Esto, sin embargo, no pareciera entrañar motivo de alarma alguno. Después de todo,
no sólo de sexo vive el gay. Tal concepción implicaría, invariablemente, una visión
“ghetizante” al interior de los propios actores. En tanto ciudadano, el hombre que se
define como gay halla, en la discusión política, un terreno fértil para expresar sus
afinidades partidarias, sin que esto implique encontrar banal una aportación en el
plano de las fantasías sexuales o los asuntos cotidianos.
Por supuesto que el ámbito “forístico” –como cualquier espacio de sociabilidad- lejos
ha estado de ser un Edén donde todos sus miembros intercambiaban opiniones en
armonía. Claro que, aquí y allá, el surgimiento de liderazgos –algunos longevos, otros
más efímeros- ha suscitado rivalidades y, por ende, posicionamientos de uno y otro
lado. Y estas tomas de posición, en varias oportunidades, han conllevado el
respectivo baneo –sanción, en la juerga forera- del usuario siempre que éste replicaba
a su eventual oponente con agravios personales.
Sin embargo, en los últimos tiempos, a tono con la creciente politización de la vida
cotidiana, en el foro ha comenzado a proliferar un repertorio de nuevos temas
invariablemente relacionados con la coyuntura política: un discurso presidencial; la
apertura de una exposición oficial; un escándalo de corrupción. Pero la novedad no
termina en el flamante repertorio temático, sino que viene acompañado de una
retórica antinómica, en sintonía con la más estricta lógica “amigo versus enemigo”.

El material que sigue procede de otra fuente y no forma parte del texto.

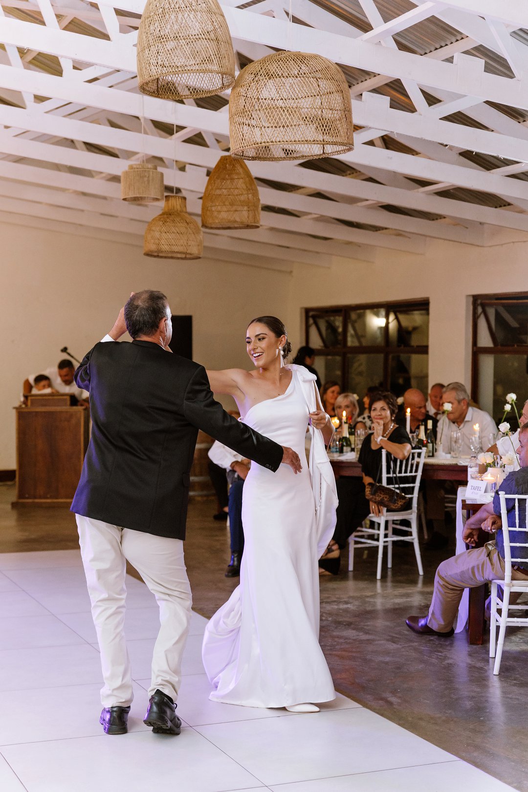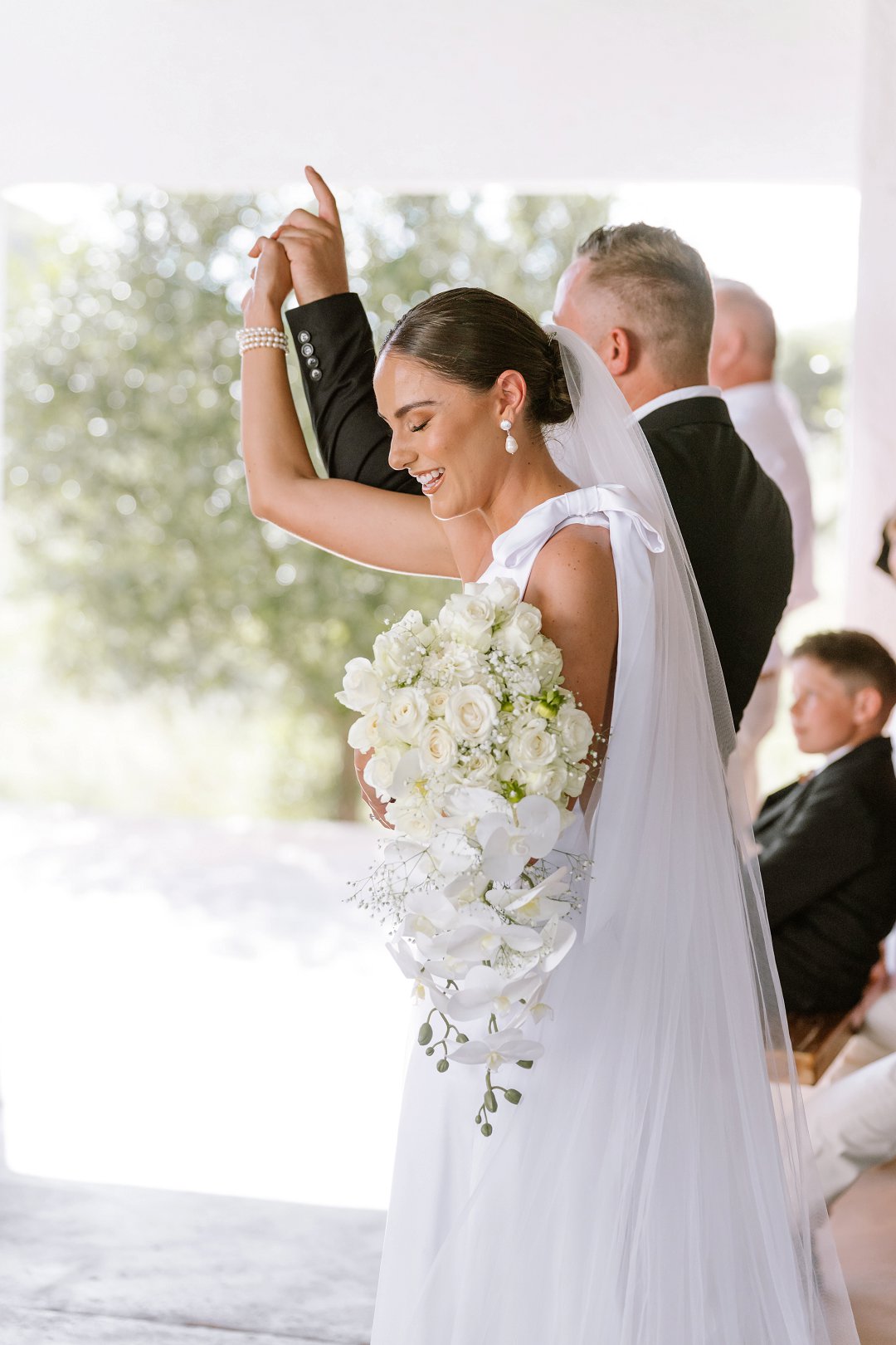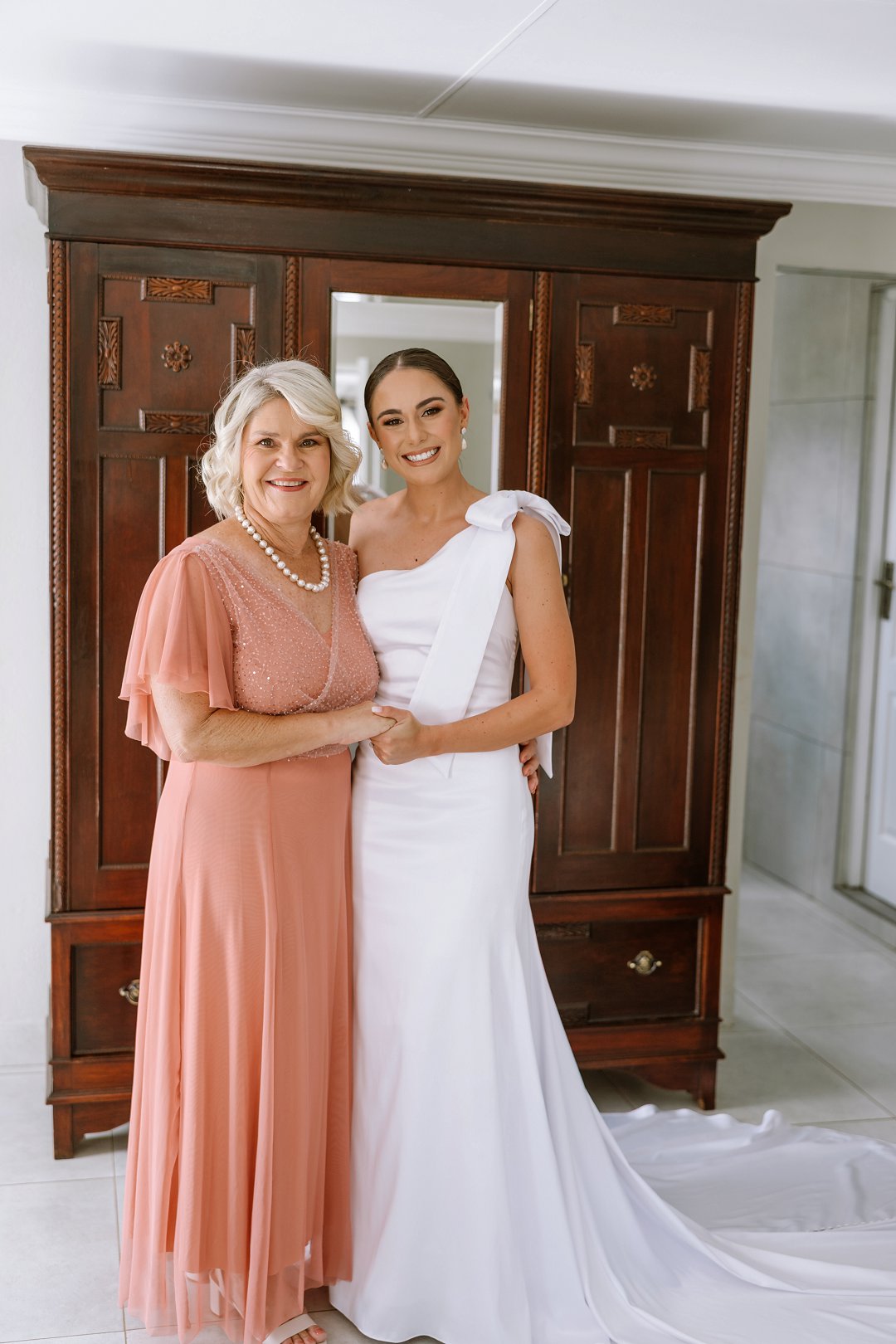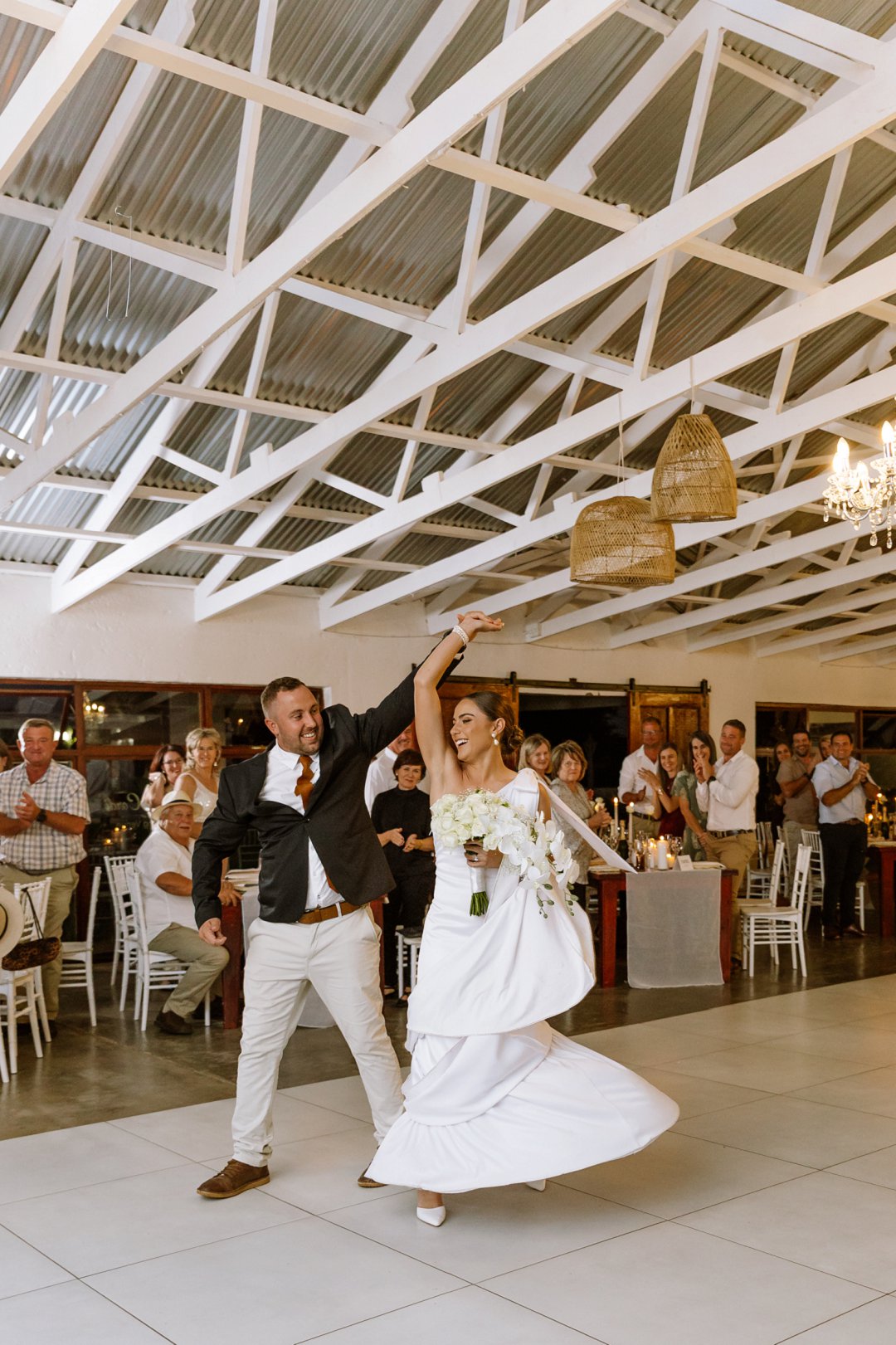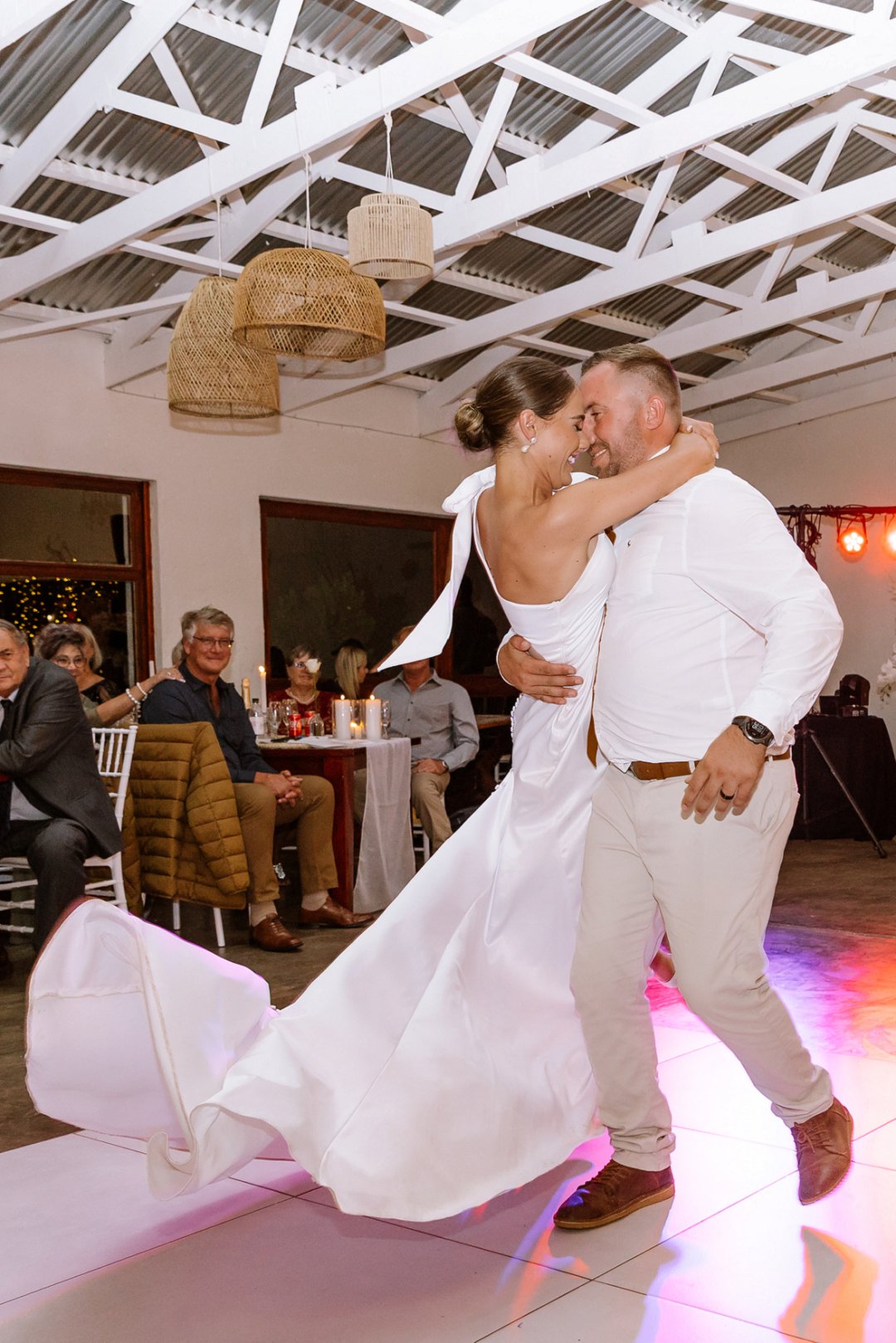 Natuurlik kom geen groot liefdesverhaal sonder ’n kinkel in die storielyn nie. Die middag voor die troue, toe ek die rok aantrek vir ’n laaste pas, het die ritssluiter heeltemal ingegee. Om 17:00 op ’n Vrydag het ek en my ma teruggehardloop dorp toe en deur een of ander wonderwerk ’n ontwerpswinkel oop gevind. Ons het dit net betyds reggemaak. Chaos? Ja. Maar ook ʼn oomblik wat ek nooit sal vergeet nie, ʼn herinnering dat liefde, soos die perfekte rok, soms ʼn bietjie inmekaarsteek verg.

De este modo, de un lado se encuentran todos aquellos usuarios que, mediante una
ingente cantidad de threads nuevos, básicamente se dedican a militar por un sector
político específico como si de una epopeya se tratase. La gesta, en este sentido, es
heroica, nacida para hacer historia, para marcar una bisagra entre un “antes”

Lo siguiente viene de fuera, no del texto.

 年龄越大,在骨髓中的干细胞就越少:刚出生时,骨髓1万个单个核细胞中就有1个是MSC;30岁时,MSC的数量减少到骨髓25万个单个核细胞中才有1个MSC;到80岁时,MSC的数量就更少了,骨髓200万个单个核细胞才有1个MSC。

dominado por el capricho de ciertos factores de poder, y un “después” glorificado
bajo los rimbombantes titulares de los medios de comunicación.

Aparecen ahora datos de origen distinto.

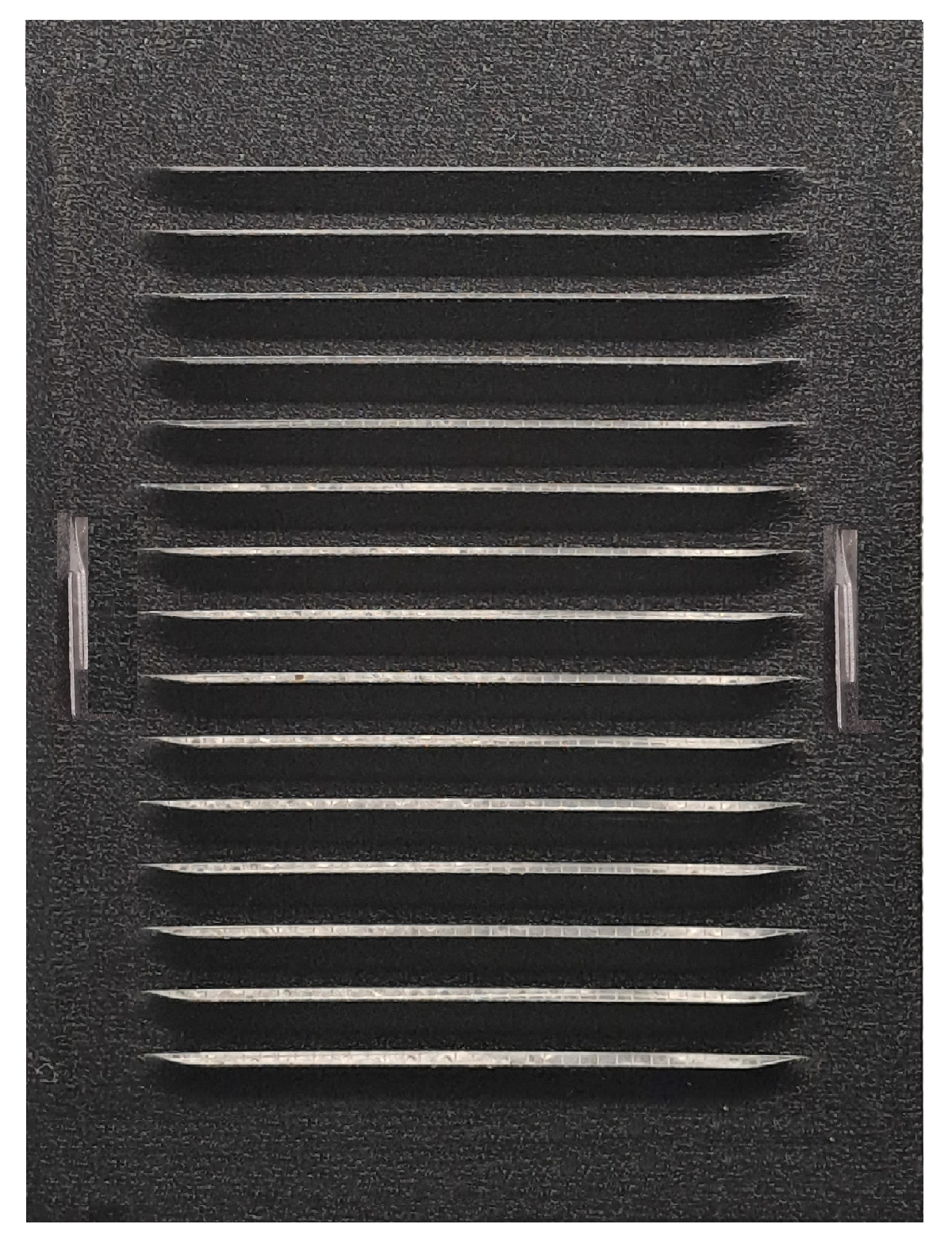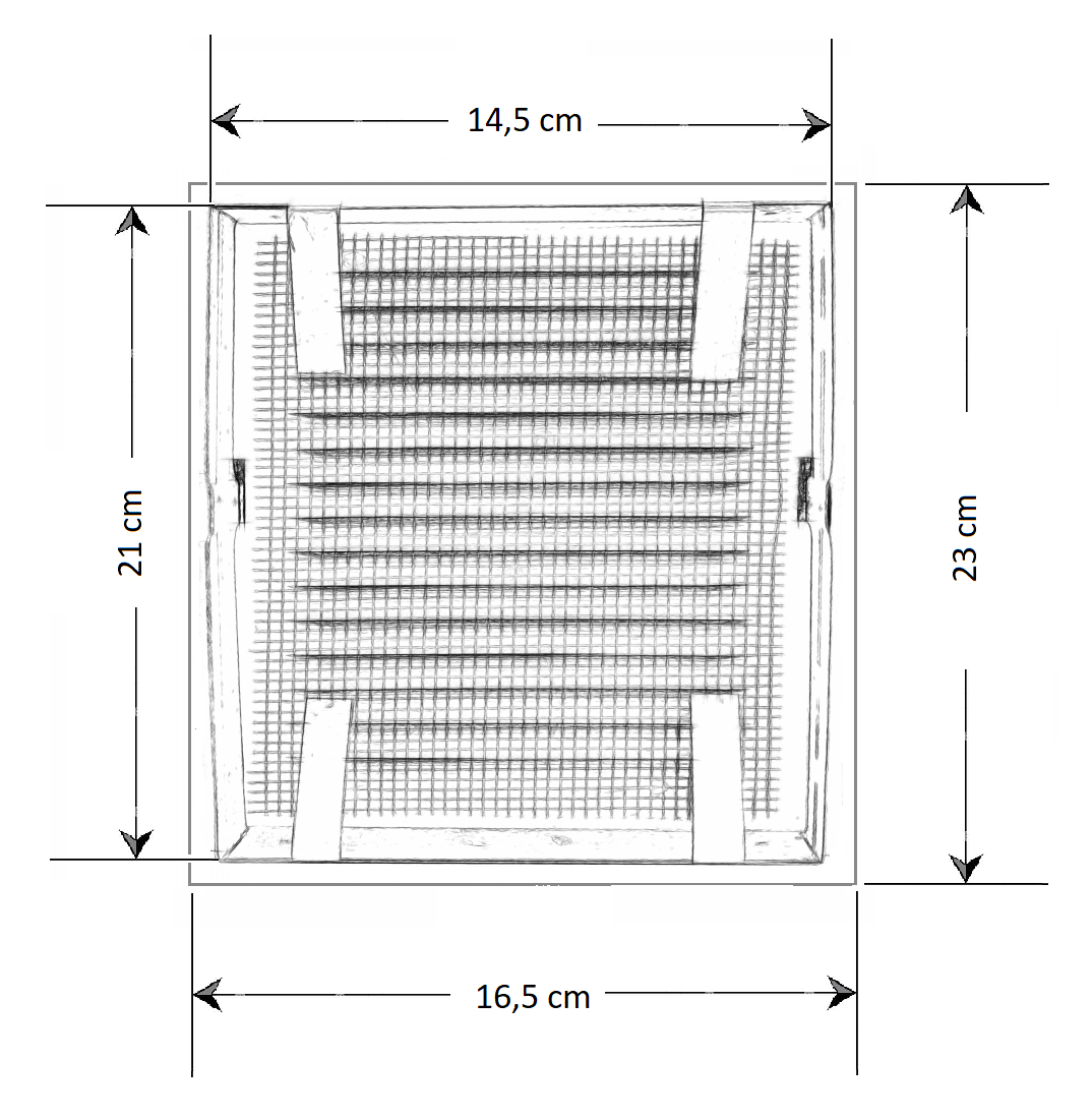 • Metalowa płaska kratka ze skośnymi żeberkami.

Esta retórica elogiosa –que algunos aventuran tildar de “burda propaganda”- se ve
contrapesada por otro grupo de usuarios que, sin embanderarse abiertamente bajo
otro espacio político, dedican sus energías a refutar los argumentos de los partisanos
oficialistas, a veces con exposiciones ideológicamente sólidas, otras veces con meras
increpaciones al viento que poco aporte tienen más que el de hacer notar, en su
malestar, de qué lado (no)están.
Pues en eso pareciera resumirse la cuestión: se está “con” o se está “contra”. Y, más
allá desde dónde se enuncie la dicotomía, es unánime la valoración negativa que se le
atribuye al contrario. Por ende, de acuerdo a esta lógica de lucha simbólica, la gracia
o desgracia de un determinado miembro dependerá menos de su capacidad
argumentativa para hacerse valorar, y más de la capacidad de tal o cual grupo por
imponer su verdad (La verdad).
Esta realidad probablemente se deba al hecho de que los seres humanos hemos sido
educados para discriminar (más allá de lo incómoda que pueda sonar esta aseveración
a oídos políticamente correctos). Discriminar es diferenciar, distinguir. En ese
sentido, desde chicos se nos educa para agruparnos con nuestros semejantes (en
cualquiera de las variables socio-culturales que puedan imaginarse). Esto, que en la
niñez puede perseguir una impronta meramente normativa, no obstante constituye un
mecanismo basal en la construcción de nuestra identidad como sujetos de ciudadanía.
Así, no es raro encontrar, en cualquier ámbito social, identificaciones con un
determinado grupo. En tanto adultos autónomos, elegimos ciertas cosas y rechazamos
otras hacia las cuales no sentimos afinidad. Discriminamos, para poder crecer. Que el
término haya caído en desgracia merced a los excesos de esta misma impronta
cultural es menos una causa cuanto una consecuencia inherente a nuestra educación.